Extending the Product Catalog

As more and more companies focus on providing higher levels of personalization in the products and services they offer, it's only natural that their online channels offer this same level of personalization. WebLogic Portal includes product catalog components capable of flexibly managing hierarchies of products and services. By default, products in the catalog are defined using standard Dublin Core attributes. This default configuration is sufficient to support most types of products sold over the Internet - books, hardware, camaras, etc.

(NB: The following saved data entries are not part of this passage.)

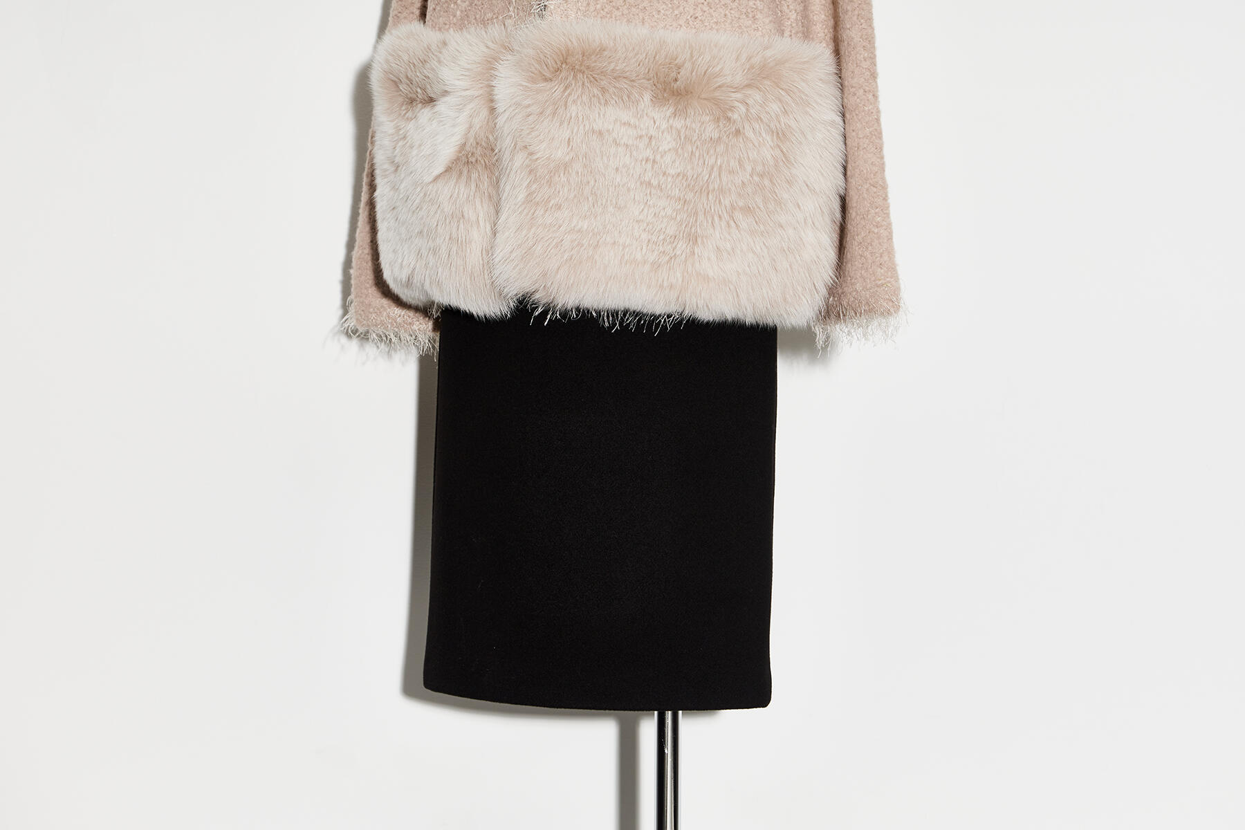 ふっくらとした重厚感のあるタイトスカートを合わせた穏やかなトーンのスタイル。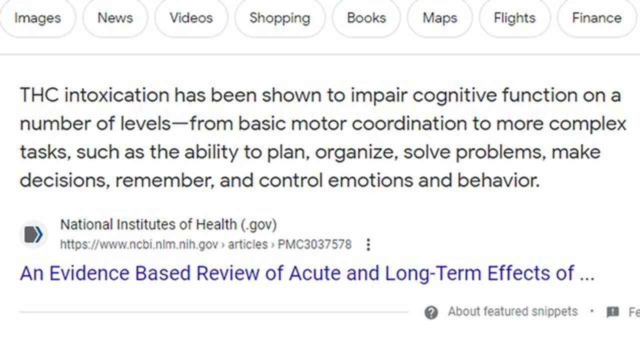 Delta 9-tetrahydrocannabinol (THC) is the primary psychoactive constituent of the cannabis sativa plant and is believed to be primarily responsible for the cognitive effects and the addictive potential of smoked cannabis. THC intoxication has been shown to impair cognitive function on a number of levels—from basic motor coordination to more complex tasks, such as the ability to plan, organize, solve problems, make decisions, remember, and control emotions and behavior.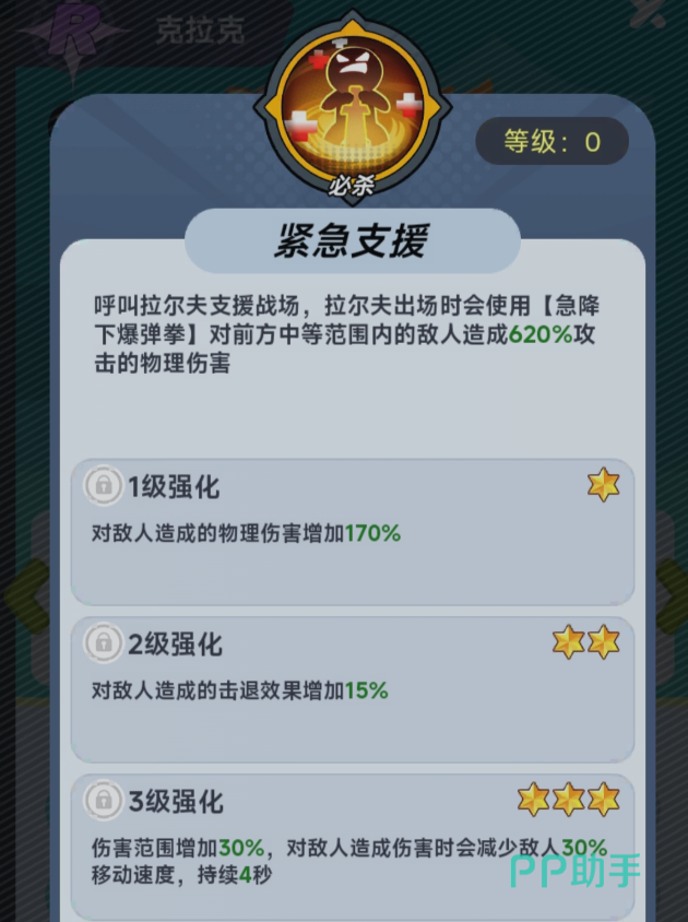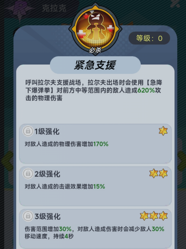 技能体系方面,克拉克以“投技大师”为核心标签,二技能【紧急支援】为关键控制链起点:释放后立即召唤拉尔夫入场,后者随即发动范围突进技,对前方扇形区域(覆盖角度90°、半径3.2格)内所有敌人造成245%攻击力的物理伤害,并附加1.5秒僵直效果。该联动机制兼具先手控场、打断衔接与群体压制三重功能,在BOSS战与竞技场对抗中具有极高战略优先级。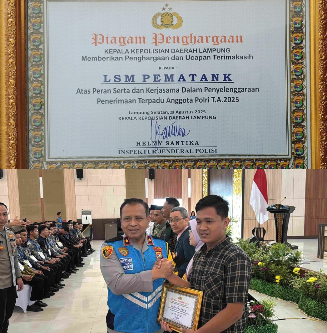 Bandar Lampung-Lembaga Swadaya Masyarakat pergerakan Masyarakat analisis kebijakan (LSM Pematank) menerima penghargaan atas peran serta dan kerjasama dalam penyelenggaraan penerimaan terpadu anggota polri tahun 2025 oleh inspektur jenderal polisi Helmy Santika Polda Lampung.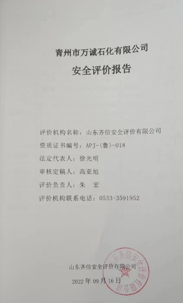 青州市万诚石化有限公司位于青州市弥河镇郝家村西侧。该加油站原名为青州市海龙加油站,2013年山东大唐油气有限公司租赁此站经营至今,因租赁合同到期山东大唐油气有限公司不再租赁经营,因此重新注册青州市万诚石化有限公司进行经营。该公司共有职工5人,其中安全管理人员1人,技术管理人员1人,经营油品为汽油和柴油。 该公司现有汽油双层罐2个,单罐容积30m3,柴油双层罐2个,单罐容积为30 m3,柴油折半计入,该加油站油罐总容积为90m3,为三级加油站。 依据《中华人民共和国安全生产法》(中华人民共和国主席令第13号,中华人民共和国主席令第88号修正)、《危险化学品安全管理条例》(中华人民共和国国务院令第645号)、《危险化学品经营许可证管理办法》(国家安全生产监督管理总局令 第55号 根据安监总局令第79号修订)的要求,危险化学品经营许可需进行安全评价,因此,青州市万诚石化有限公司委托山东oety欧亿体育安全评价有限公司进行经营危险化学品安全评价。 接受委托后,山东oety欧亿体育安全评价有限公司成立评价组,在进行资料与标准收集、现场调研、项目资料分析、危险与有害因素分析的基础上,依据《安全评价通则》(AQ8001-2007)、《山东省加油站安全评价导则》(鲁安监发〔2006〕114号),通过对该加油站安全管理、站址选择及总平面布置、加油工艺及设施、其他设施等方面的审查,选择相应的评价方法对其危险、有害因素进行辨识和评价,编写完成了《青州市万诚石化有限公司安全评价报告》。 |

However, certain types of products require that customers select from among desired options before the products can be purchased. We can group these "configurable" products into three main categories based on their configuration needs:

  • Light product configurations: Products that have a small number of simple, mandatory configurable attributes. Product pricing is normally not affected by the options selected (e.g., T-shirts defined by color and size).
  • Heavy product configurations: Products defined by multiple attributes or product options. Depending on the options selected, pricing and delivery may be affected (e.g., insurance policies or telecommunications services).
  • Product bundles: Products composed of component products, each with its own attributes (e.g., desktop computers or automobiles).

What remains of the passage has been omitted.